First we'll need to determine how we pass data into and receive data from our endpoint. Our data is currently stored as NumPy arrays in memory of our notebook instance. To send it in an HTTP POST request, we'll serialize it as a CSV string and then decode the resulting CSV.

*Note: For inference with CSV format, SageMaker XGBoost requires that the data does NOT include the target variable.*

We have a couple of options here , we can:
1. Loop over our test dataset and split it into mini batches and send that into the model
1. Or we could send the entire payload as is into the model. This is governed by the payload size which cannot exceed 6MB
1. Snce our payload is smaller we can use the entire batch as is to feed
1. This can be configured by the batch_size_to_run variable. For purpose of this lab we can keep it with a shorted value

In [None]:
# cell 14
test_x = pd.read_csv("./data_xgb/test_x.csv", names=[f"{i}" for i in range(58)])
test_y = pd.read_csv("./data_xgb/test_y.csv", names=["y"])
print(test_x.shape)
print(test_y.shape)

In [None]:
# cell 15
batch_size_to_run = 20
# - create a batch_size_to_run row Test data to be used for predictions -- .drop(test_x.columns[0], axis=1)
test_array = test_x.iloc[:batch_size_to_run, :].to_numpy()
y_array = test_y["y"].values[:batch_size_to_run]
test_array.shape # columns in this test data

In [None]:
# cell 16
# xgb_predictor.predict(test_array[0].tolist())
# xgb_predictor.predict(test_array.tolist())

predictions = xgb_predictor.predict(test_array)

In [None]:
# cell 17

print(len(predictions[0]))

Now we'll check our confusion matrix to see how well we predicted versus actuals.

In [None]:
# cell 18
# pd.crosstab(index=test_y['y'].values, columns=np.round(predictions), rownames=['actuals'], colnames=['predictions'])
pd.crosstab(
 index=y_array,
 columns=np.round(np.array(predictions[0], dtype=np.float32)),
 rownames=["actuals"],
 colnames=["predictions"],
)

So, (since out batch size is 20 ) of the ~20 potential customers, this would be on that batch size. Please see for more details on Confusion Matrix [here](https://docs.aws.amazon.com/machine-learning/latest/dg/multiclass-model-insights.html).

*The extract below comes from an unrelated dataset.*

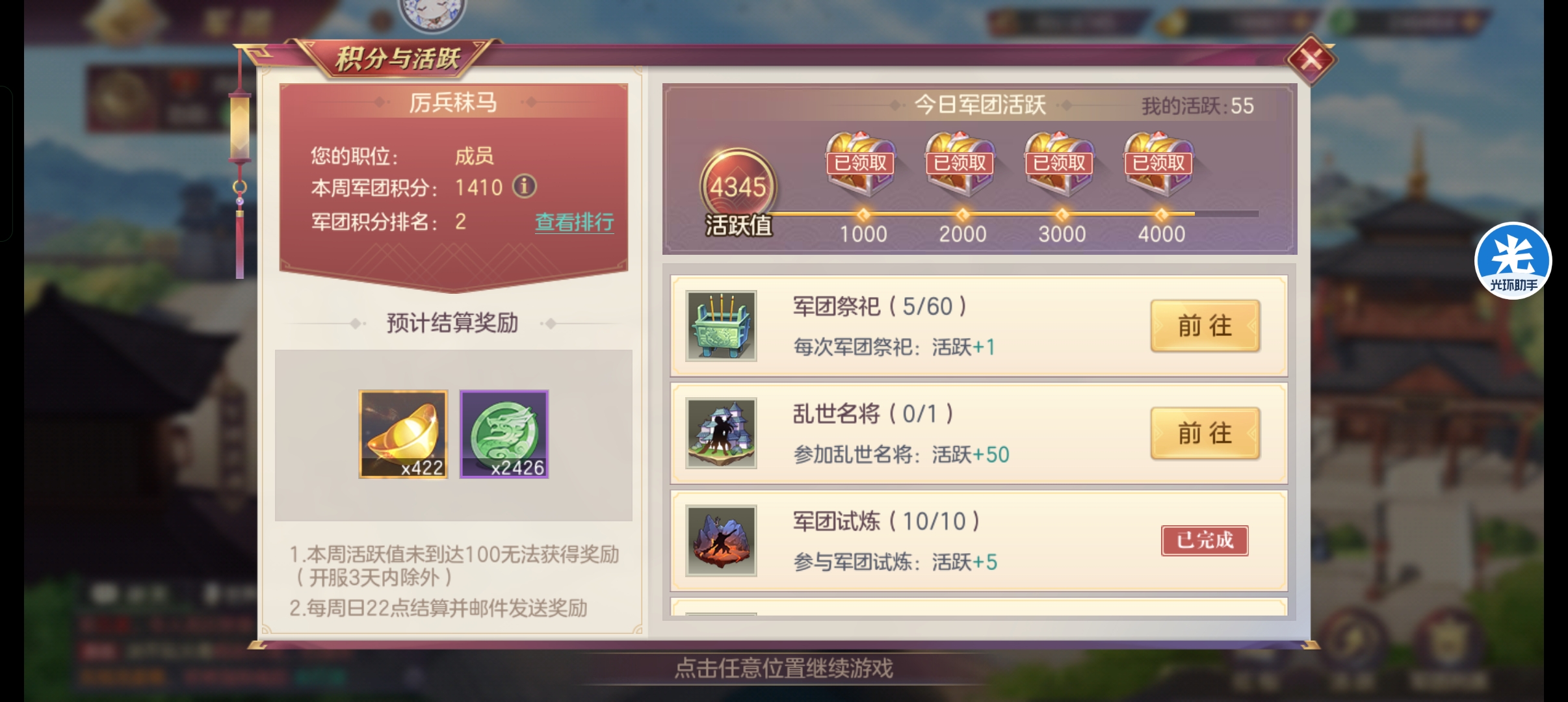 与其他军团的PVP战斗,可以获取大量资源,如争霸勋章、无双自选箱、神将神兵碎片等

Run the below to get a P95 latency numbers for our model

In [None]:
# cell 19

# - get p95 numbers for Latency

import numpy as np
import time

print(f"Starting invocation for model::Real:Time please wait batch_size={batch_size_to_run}:.....")
results = []
for i in range(0, 10):
 start = time.time()
 xgb_predictor.predict(test_array)
 results.append((time.time() - start) * 1000)
print("\nPredictions for model latency: \n")
print("\nP95: " + str(np.percentile(results, 95)) + " ms\n")
print("P90: " + str(np.percentile(results, 90)) + " ms\n")
print("Average: " + str(np.average(results)) + " ms\n")

## Serverless Invocations

Create a Serverless Inference endpoint and show the initial cold-start issue and then subsequent calls run

For serverless we need to specify only the concurrency and memory size of the model. For further reading you can refer to https://docs.aws.amazon.com/sagemaker/latest/dg/serverless-endpoints.html

In [None]:
# Cell 20
serverless_inf_config = sagemaker.serverless.ServerlessInferenceConfig(
 memory_size_in_mb=1024, # 68 KB is the size of the model
 max_concurrency=5, # max invocations concurrently
)
serverless_inf_config

In [None]:
# cell 21

xgb_serverless_predictor = xgboost_model.deploy(
 instance_type="ml.m4.xlarge",
 initial_instance_count=1,
 serverless_inference_config=serverless_inf_config,
)

xgb_serverless_predictor

In [None]:
# Cell 22
print(xgb_serverless_predictor.serializer)
print(xgb_serverless_predictor.deserializer)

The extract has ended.